The Mackenzie All Cap Value Team | Mackenzie Investments

The Mackenzie All Cap Value Team

The Mackenzie All Cap Value Team

Hovig Moushian, Head of the Mackenzie All Cap Value Team, explains his team's philosophy and process and how they realize value with conviction-based investing.

Show transcript

HOVIG MOUSHIAN: On the Mackenzie All Cap Value Team, we believe the key to long-term outperformance lies in a disciplined investment strategy that is tactically applied across the market capitalization spectrum of stocks.  We believe that markets are efficient in the fullness of time, but that opportunities can be presented in the short-term where pricing dislocations caused by emotional events or temporary events, can cause stock prizes to look attractive.

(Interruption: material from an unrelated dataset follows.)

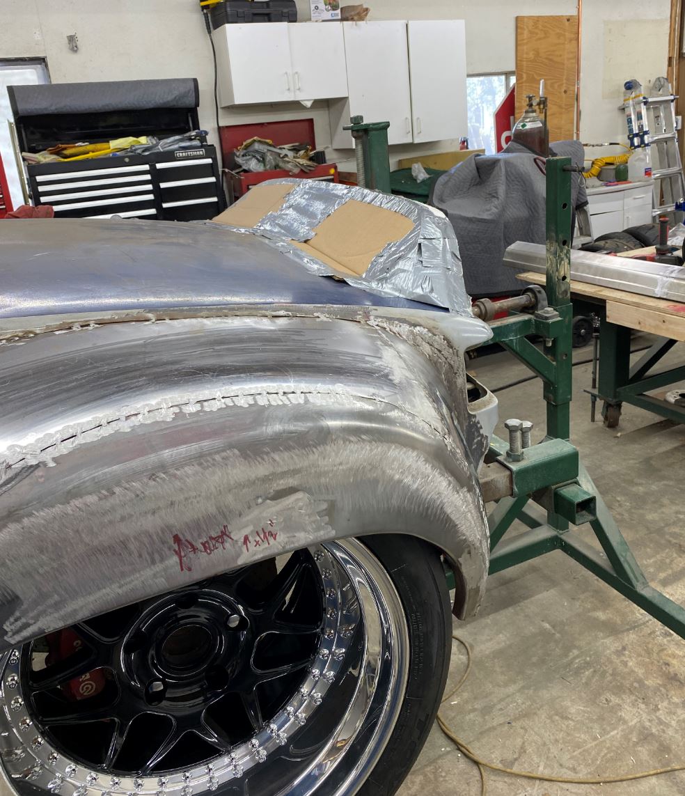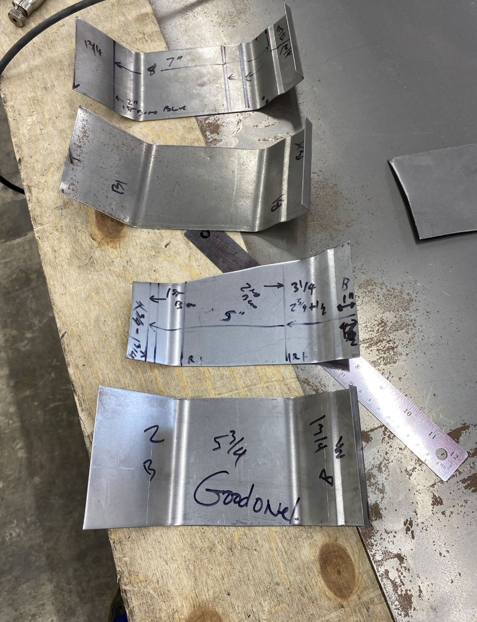 I semi completed all the fenders. I need to finish the rocker panels before I finish welding the fenders. I tried different bends to get to the final depth that I wanted. The final rocker will have a rubber strip and fastened like Marv's 6 project. Here are some update pictures. This is how the the front wide-body is looking bend cut try again getting closer this one ( 1.5" radius and offset along lower lip or this one ( 2" radius and no offset along lower lip) I think the previous one was starting to look like crown molding ![]() |

The key to recognizing these opportunities lies in the deep pool of experience of our seven investment professionals.  On average, they have 20 years of experience combing through these stocks through numerous market cycles.  Also, importantly, we share, most of that time has been spent together as a close-knit highly interactive team.  And, as a result, we share a common view to what defines value, one that is based on a strong free cash flow generation in the context of a competitive business environment that a company operates in.

So, as these opportunities present themselves, we want to take advantage of them because ultimately we believe that stock prices will return higher towards their fair market value, which is our definition of an efficiently priced security. Our process, therefore, is structured around our determination of fair market value.  And, fair market value is compromised of two elements. On the one hand, you have the multiple.  We determine the multiple based on a look back at where a stock has traded on average historically, where it's traded at trough levels, where it's traded at peak levels.  We use multiples that have been paid in acquisitions of similar types of businesses; all that gets embedded into our determination of the multiple. 

The underlying cash flow assumption that's determined by our forecasting is also done quite conservatively.  We assume that a business operates in a competitive environment and, therefore, can only achieve returns and, therefore, free cash flows that are reflective of a competitive industry dynamic.  We apply that multiple to the cash flow to determine our fair market value estimate.  We're obviously trying to buy stocks that trade at a discount to their fair market value. And, our risk management process allows us to incorporate stocks into the portfolio effectively through time.

Typically following a market correction or in the early stages of a recovery, there are more value opportunities to be had and the discounts to fair market value tend to be larger.  These are periods when our conviction is at its highest.  And, this is reflected in more risk-taking vis-a-vis our ownership of small and mid-cap stocks.

In the latter stages of a bull market when valuations tend to be elevated overall, there are fewer stocks that trade at a discount to their fair market value, and those discounts tend to be smaller.  These are periods when our conviction is diminished, and that is reflected in our reduction in our exposure to mid and small-cap stocks.

On the whole, the application of this discipline value strategy, combined with the experience of our team, is how we expect to help our clients achieve their long-term financial objectives.